Now you know how serious I am about not losing data. If you’re going to try to roll your own Fusion drive, you should be equally or better prepared. You have been warned.
The Gory Details
Patrick outlines exactly how to create your own Fusion volume using the Core Storage utilities from the command line here. It’s extremely easy. Coming from an extensive background in LVM, I was personally a little suspicious of the entire process – it was just too easy. It boiled down to two commands:
diskutil cs create Fusion disk1 disk2 diskutil coreStorage createVolume [GUID] jhfs+ Fusion 100%
I named my device and volume “Fusion”. Just for kicks. And giggles.
One of the questions I had to answer was this: Is Core Storage supplied in the vanilla Mac OS X Mountain Lion (10.8) installer or in one of the later updates? If I wanted to use this as my System drive, I would either have to use another Mac (in Target Disk mode or by physically exchanging drives) or run these commands from the OS Installer. Fortunately, the OS ships with Core Storage – and it works beautifully from the Terminal supplied in the Installer environment. Here’s the step-by-step:
- Boot from the installer. I used a USB drive with the Mountain Lion (10.8) installer imaged to it. You can either purchase a restore USB drive from Apple or roll your own.
- Once the installer is up and running, you’ll need to drop into the Terminal. You can launch it from the Utilities menu. Hopefully, you’re familiar with this environment. If not, you should probably quit now.
- Create a new Core Storage device:
diskutil cs create Fusion disk1 disk2Keep in mind that I’ve named the volume “Fusion” and I’m using disk1 and disk2. You’ll need to double-check that those disk IDs are correct for your device. The could easily be different.
- Create a new volume on your Core Storage device:
diskutil cs list diskutil coreStorage createVolume [GUID] jhfs+ Fusion 100%
You need to issue the “cs list” command to get the GUID of your newly created Fusion volume. You will then, of course, need to replace “[GUID]” with that identifier. Also, I’ve elected to call the volume “Fusion” as well- you can choose any name you would like. Finally, I’m using 100% of the volume. You can choose any value here – percent or GB. “-help” is your friend.
That’s the entire process for creating your Core Storage Fusion drive. Quit Terminal, drop back in to Disk Utility, and verify that you now have something like this:
Go ahead and partition it as you normally would and proceed with the installation. Everything should follow the standard workflow from here on out.

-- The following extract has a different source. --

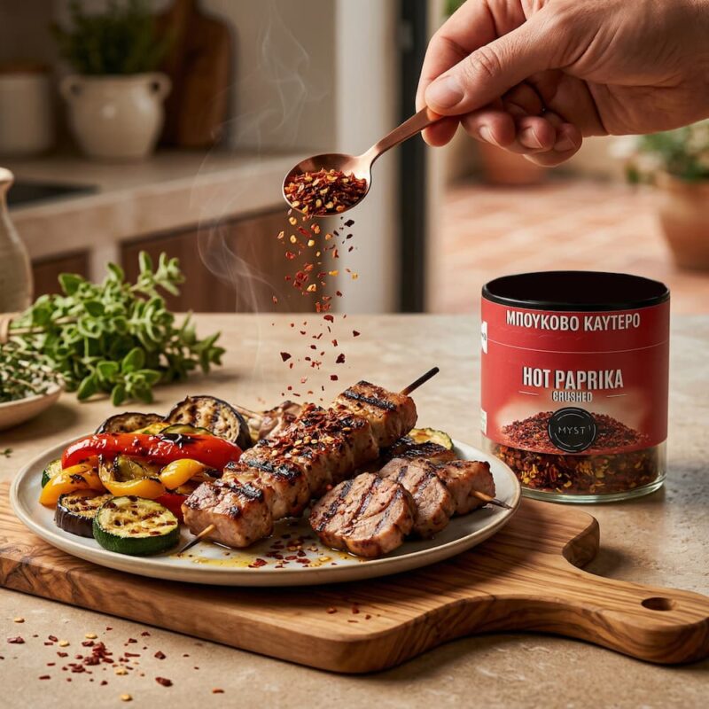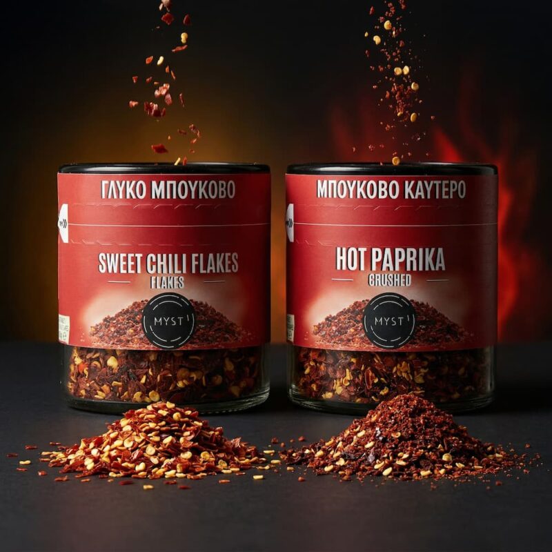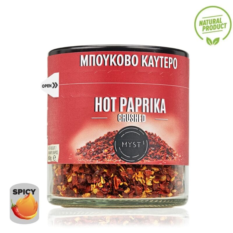 Hot Chili Flakes add bold flavor and character to every dish. Use them in legumes, vegetable stews, soups, roasted potatoes, trahanas, grilled vegetables, pasta, meats, poultry, and seafood to bring out a naturally spicy and aromatic touch.

Verifying Fusion Functionality
For extra credit, you can follow Patrick Stein’s post to verify that you are genuinely enjoying the benefits of Fusion’s tiering capabilities. He’s done an excellent job of writing this up; I’ll simply refer you to his blog.

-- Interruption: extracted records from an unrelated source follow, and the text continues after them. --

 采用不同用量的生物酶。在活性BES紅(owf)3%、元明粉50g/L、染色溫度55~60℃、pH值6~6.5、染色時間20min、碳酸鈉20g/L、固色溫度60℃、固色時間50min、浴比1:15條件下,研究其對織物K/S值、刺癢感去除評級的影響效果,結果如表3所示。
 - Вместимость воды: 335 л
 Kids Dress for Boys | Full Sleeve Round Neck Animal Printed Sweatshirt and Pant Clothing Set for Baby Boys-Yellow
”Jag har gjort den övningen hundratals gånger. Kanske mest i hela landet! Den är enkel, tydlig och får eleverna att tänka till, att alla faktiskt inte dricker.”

As you work with your new Fusion drive, there are a couple of things to keep in mind: data management (moving data from the SSD to the HDD and back again for the noted performance gains) is handled in the background when your computer is idle. It’s a learning system- as you use certain applications and data, it will continually update the data set to optimize speed for more frequently used data. If you have an older MacBook (like mine), it will not have the Power Nap capabilities. While I can’t be absolutely certain, I suspect that much of the optimization work would be done during the Power Nap state. In any case, you’ll want to provide some idle time to your computer to allow for Core Storage to do its magic.